Er wordt een methode gepresenteerd voor multimodale co-registratie van beelden waarvoor geen fiduciale markers nodig zijn voor productiescans. De op fantoom gebaseerde benadering genereert een differentiële transformatie tussen de coördinatensystemen van twee beeldvormingsmodaliteiten.

Residu van fusie en validatie van de differentiële transformatie
Bij het berekenen van de differentiële transformatie geeft de software een residu van fusie in millimeters weer, wat de gemiddelde kwadratische fout19 van de transformatie vertegenwoordigt. Als dit residu de orde van grootte van de voxelgrootte overschrijdt, is het raadzaam om de datasets te inspecteren op algemene problemen. Omdat alle afbeeldingen echter lichte vervormingen hebben, kan het residu niet willekeurig klein worden; Het weerspiegelt alleen de pasvorm van de gebruikte markeringen. Zo kan een co-registratie met drie markers resulteren in een kleiner residu op dezelfde datasets dan een transformatie met vier goed verdeelde markers. Dit komt omdat de markers zelf mogelijk te veel worden aangebracht wanneer er minder fiducials worden gebruikt. De nauwkeurigheid over de gehele dataset verbetert met een groter aantal markers.

De kwantitatieve nauwkeurigheid van de methode is afhankelijk van het specifieke paar apparaten dat wordt gebruikt. De berekende differentiële transformatie tussen de coördinatensystemen van twee apparaten kan worden gevalideerd door de volgende stappen te volgen: Vasthouden aan stap 4 van het protocol, maar het fantoom met fiduciale markers opnieuw als “monster” gebruiken. Het fantoom in een willekeurige positie plaatsen en ervoor zorgen dat het anders is dan degene die wordt gebruikt voor het schatten van de differentiële transformatie. Het is ook mogelijk om een ander fantoom te gebruiken dat geschikt is voor de respectievelijke modaliteiten, als er een beschikbaar is. Vervolgens wordt de eerder bepaalde differentiaaltransformatie (stap 4.2.5) toegepast om de twee modaliteiten op elkaar af te stemmen. Vervolgens worden markeringen op de afbeeldingen van beide modaliteiten geplaatst volgens stap 3.2 van het protocol. Om het fusieresidu voor deze markers te berekenen, klikt u op Menu Fusion > Overlay registreren naar onderlay > Residuele score weergeven.

De restfout beschrijft de gemiddelde verkeerde plaatsing van het signaal en moet in de orde van grootte van de voxel zijn.
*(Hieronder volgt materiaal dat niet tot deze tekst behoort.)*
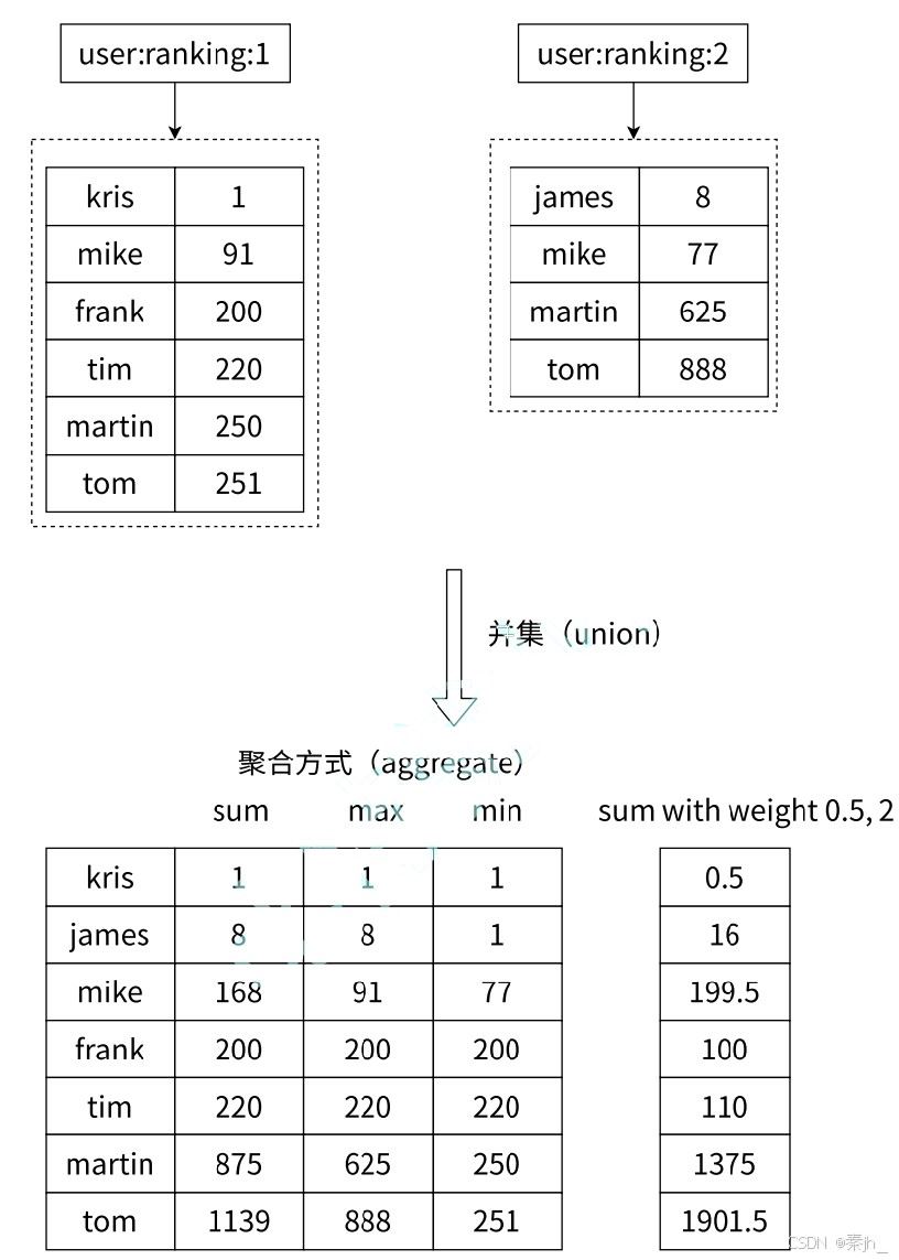 求出给定有序集合中元素的并集并保存进目标有序集合中,在合并过程中以元素为单位进行合并,元 素对应的分数按照不同的聚合方式和权重得到新的分数。

Concrete acceptatiedrempels zijn toepassingsafhankelijk en kunnen afhankelijk zijn van verschillende factoren, zoals de stijfheid en nauwkeurigheid van de beeldvormingssystemen, maar kunnen ook worden beïnvloed door beeldreconstructieartefacten.

Problemen met zelfconsistentie oplossen
Vaak komen problemen met zelfconsistentie voort uit een onbetrouwbare plaatsing. Een veel voorkomende fout is het plaatsen van de drager in een zijwaarts omgekeerde positie. Idealiter zou het mechanisch in slechts één richting in het beeldvormingsapparaat moeten worden ingebracht. Als dit niet haalbaar is, moeten begrijpelijke markeringen voor de gebruiker worden toegevoegd. Een ander veel voorkomend probleem is de mogelijkheid van beweging in de lengteas, waardoor axiale positionering onbetrouwbaar wordt. Het wordt aanbevolen om een afstandhouder te gebruiken die aan het ene uiteinde kan worden bevestigd om het muisbed op zijn plaats te houden. Afstandhouders op maat kunnen bijvoorbeeld snel en eenvoudig worden gemaakt door ze te 3D-printen. Sommige apparaten kunnen echter geen zelfconsistentie bieden met verschillende gezichtsvelden. In dergelijke gevallen wordt geadviseerd contact op te nemen met de leverancier, die de incompatibiliteit moet bevestigen en mogelijk in een toekomstige update moet aanpakken. Voor het overige blijft de methode betrouwbaar als voor alle scans, inclusief kalibratie en productiebeeldvorming, een identiek gezichtsveld wordt aangehouden.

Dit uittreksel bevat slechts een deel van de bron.